- Given records:
BEGIN
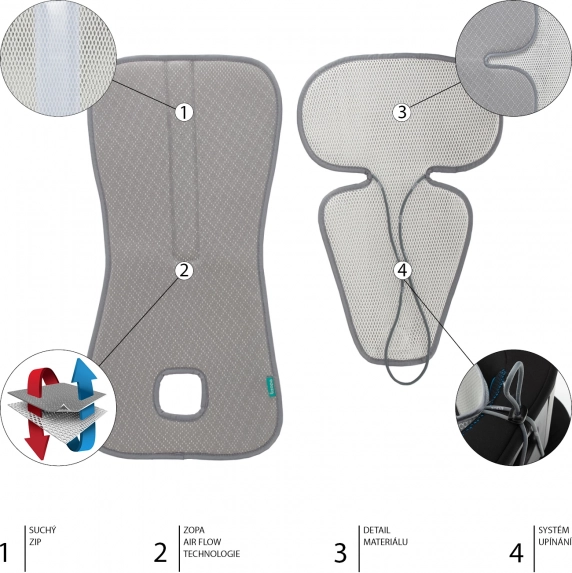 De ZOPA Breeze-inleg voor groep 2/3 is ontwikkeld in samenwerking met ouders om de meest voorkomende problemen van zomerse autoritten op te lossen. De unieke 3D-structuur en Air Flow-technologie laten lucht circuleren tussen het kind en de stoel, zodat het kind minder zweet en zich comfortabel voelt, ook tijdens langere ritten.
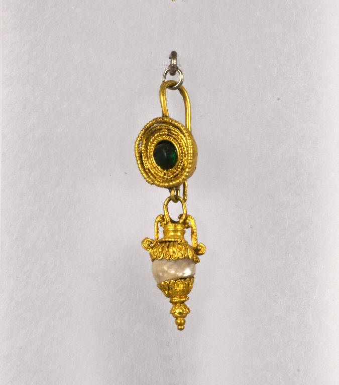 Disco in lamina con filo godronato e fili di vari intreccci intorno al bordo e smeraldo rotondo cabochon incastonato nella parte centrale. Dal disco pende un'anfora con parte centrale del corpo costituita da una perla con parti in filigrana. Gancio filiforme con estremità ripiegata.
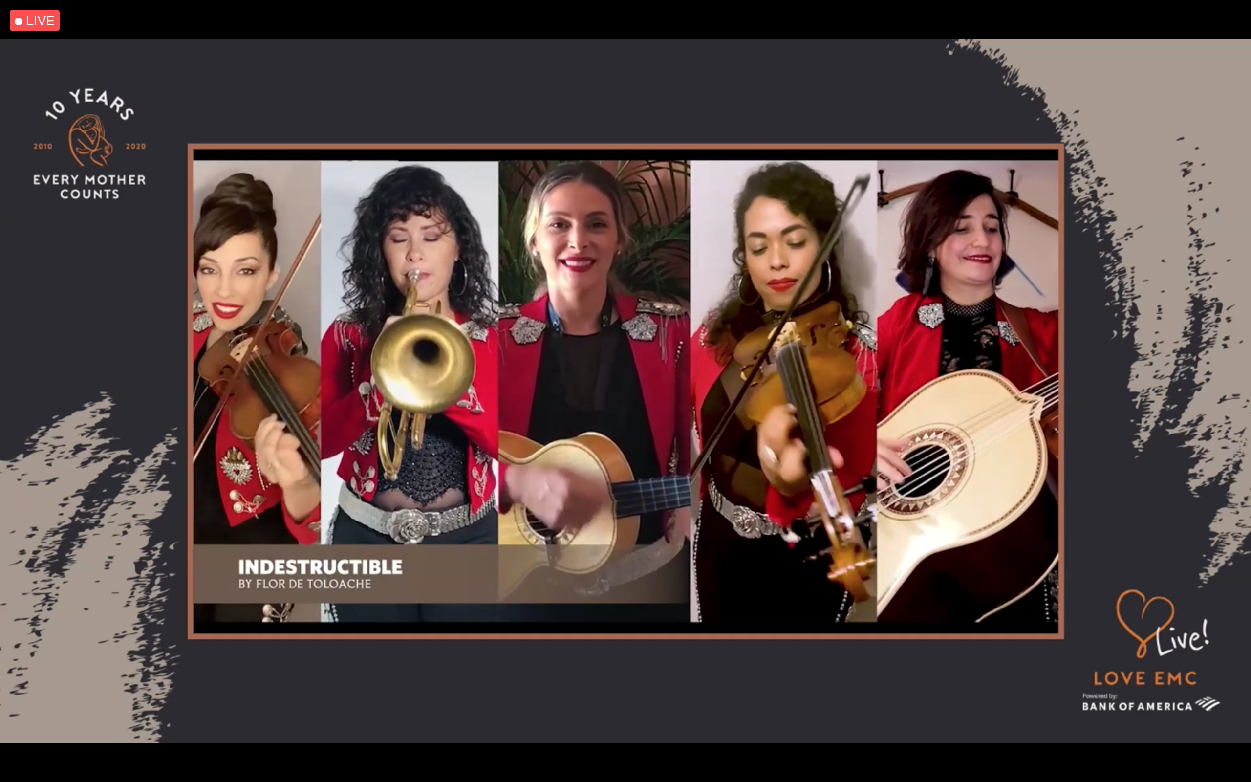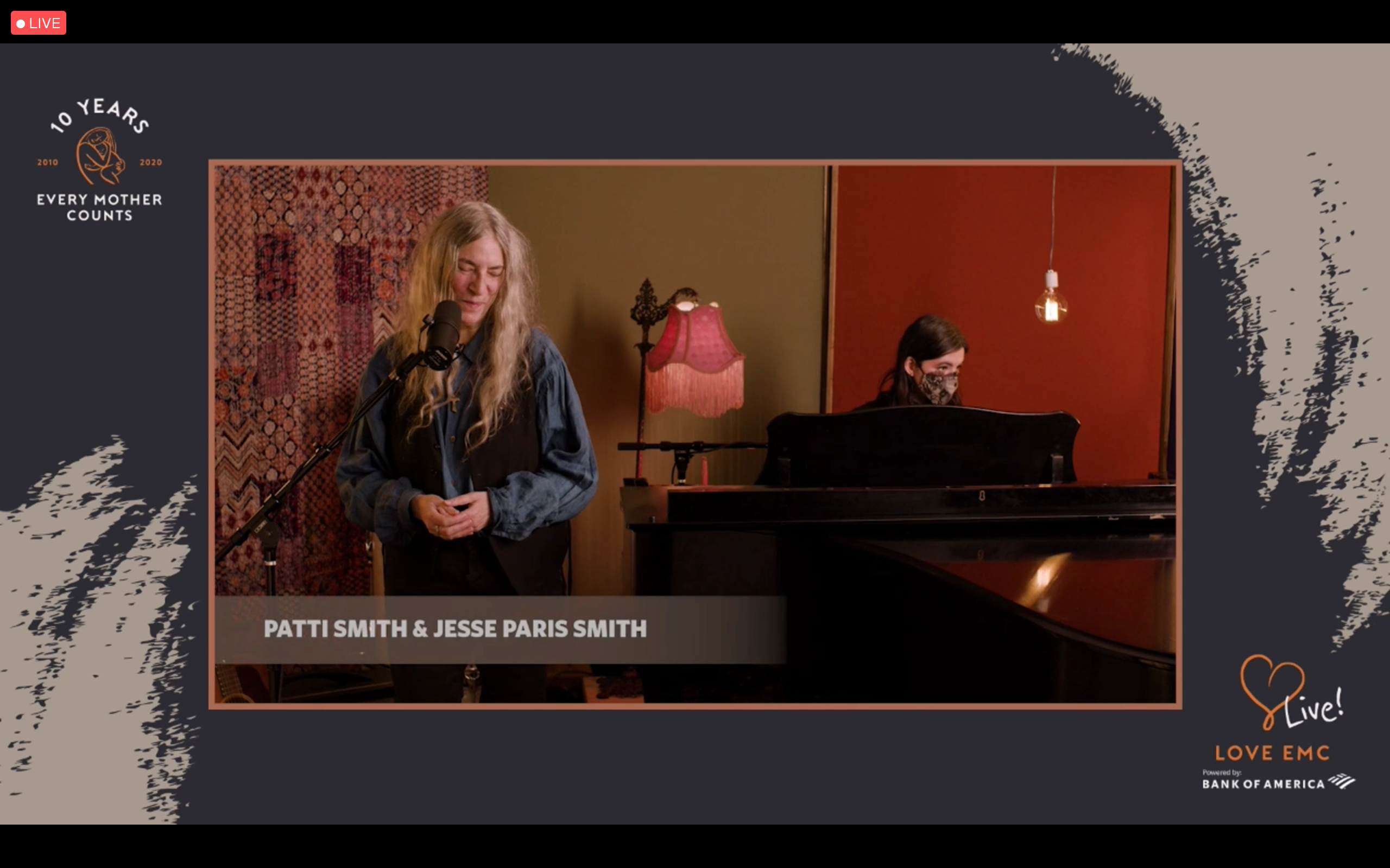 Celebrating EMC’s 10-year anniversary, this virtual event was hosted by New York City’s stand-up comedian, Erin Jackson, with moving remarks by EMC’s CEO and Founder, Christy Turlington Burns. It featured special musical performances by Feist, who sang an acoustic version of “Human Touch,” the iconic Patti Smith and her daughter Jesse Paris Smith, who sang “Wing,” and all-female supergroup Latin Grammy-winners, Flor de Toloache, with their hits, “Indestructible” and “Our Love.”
END
BEGIN
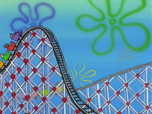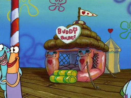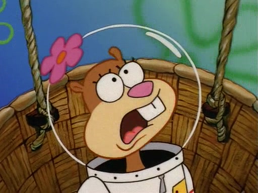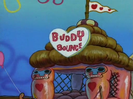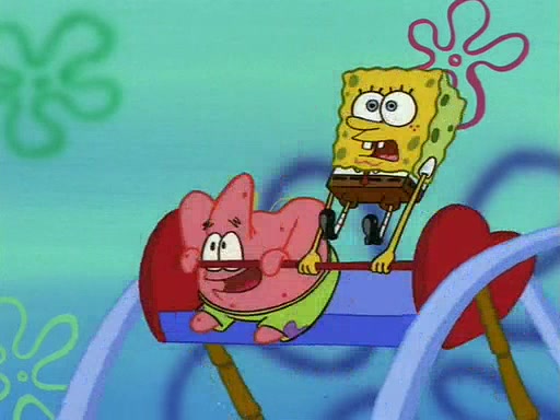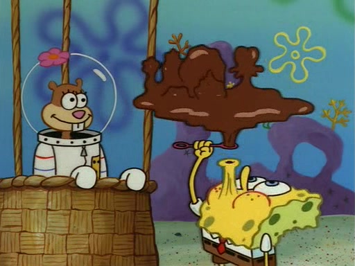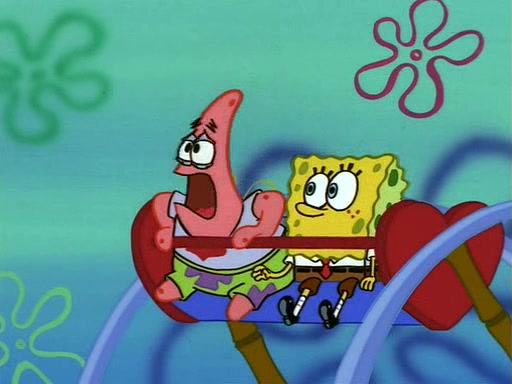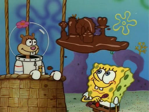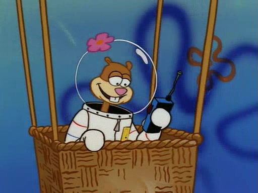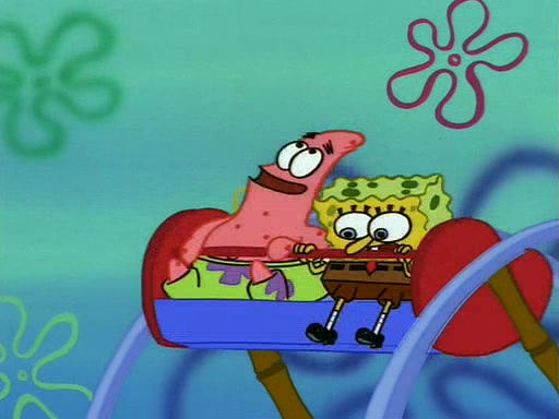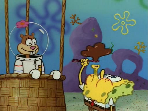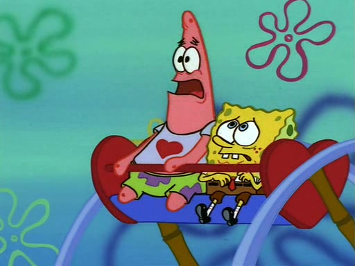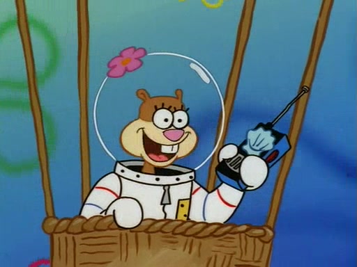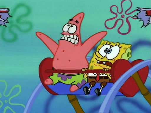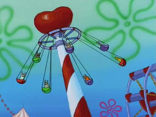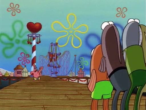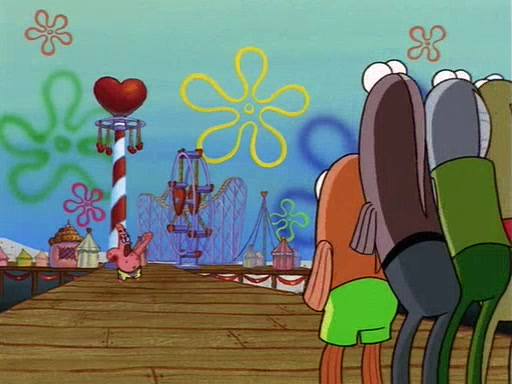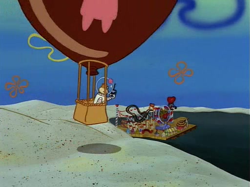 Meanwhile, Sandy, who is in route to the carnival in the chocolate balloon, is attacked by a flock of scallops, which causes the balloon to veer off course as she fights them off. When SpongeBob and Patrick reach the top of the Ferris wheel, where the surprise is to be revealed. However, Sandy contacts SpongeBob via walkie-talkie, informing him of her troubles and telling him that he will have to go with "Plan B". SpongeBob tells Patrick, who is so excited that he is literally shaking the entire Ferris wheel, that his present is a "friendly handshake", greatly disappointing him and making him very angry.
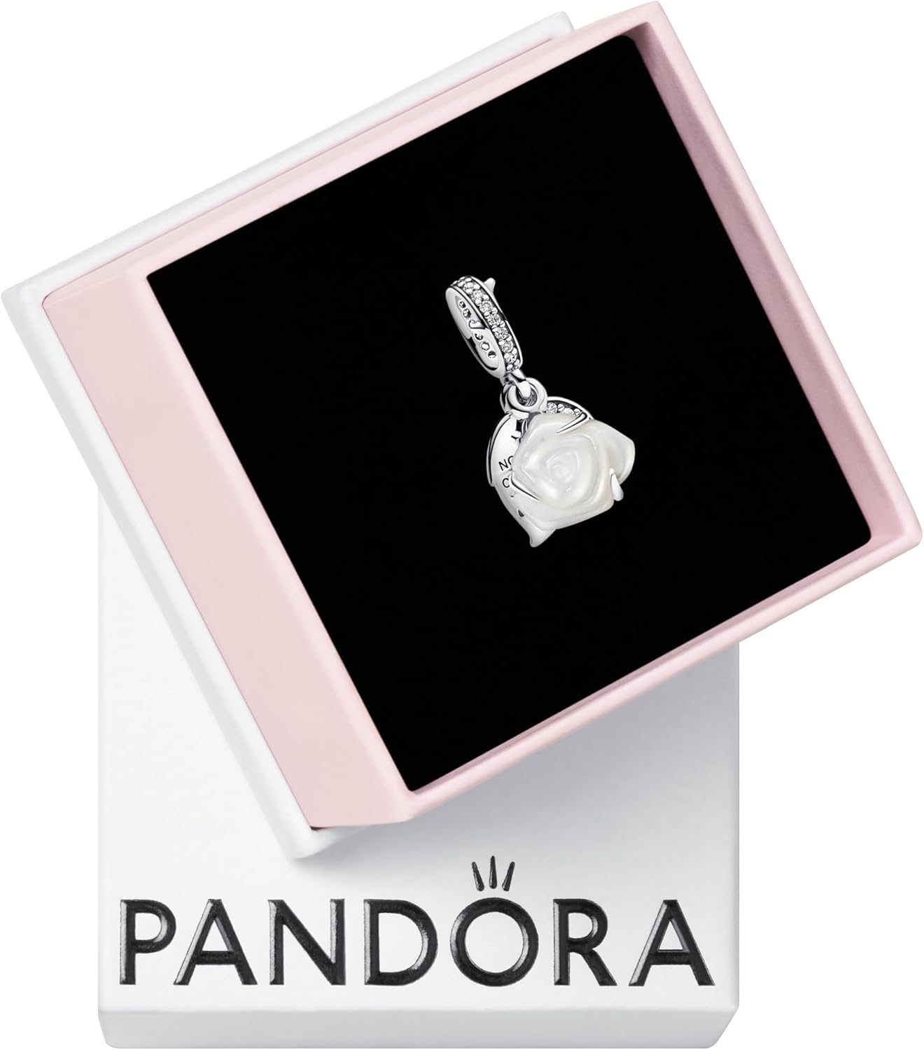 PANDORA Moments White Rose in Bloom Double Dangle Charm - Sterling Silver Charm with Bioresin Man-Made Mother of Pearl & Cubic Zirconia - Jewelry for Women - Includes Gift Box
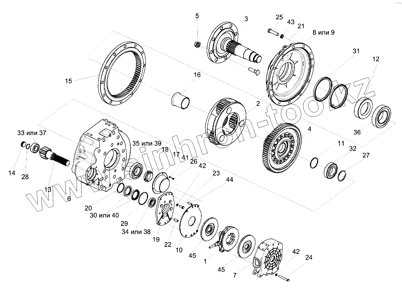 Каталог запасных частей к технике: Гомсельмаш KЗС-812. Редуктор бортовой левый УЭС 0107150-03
END
- To do: With the pictures omitted, print the lines above exactly, beginning at the line with "Meanwhile, Sandy, who" and going on through the line with "Каталог запасных частей".

- Answer section:
 Meanwhile, Sandy, who is in route to the carnival in the chocolate balloon, is attacked by a flock of scallops, which causes the balloon to veer off course as she fights them off. When SpongeBob and Patrick reach the top of the Ferris wheel, where the surprise is to be revealed. However, Sandy contacts SpongeBob via walkie-talkie, informing him of her troubles and telling him that he will have to go with "Plan B". SpongeBob tells Patrick, who is so excited that he is literally shaking the entire Ferris wheel, that his present is a "friendly handshake", greatly disappointing him and making him very angry.
 PANDORA Moments White Rose in Bloom Double Dangle Charm - Sterling Silver Charm with Bioresin Man-Made Mother of Pearl & Cubic Zirconia - Jewelry for Women - Includes Gift Box
 Каталог запасных частей к технике: Гомсельмаш KЗС-812. Редуктор бортовой левый УЭС 0107150-03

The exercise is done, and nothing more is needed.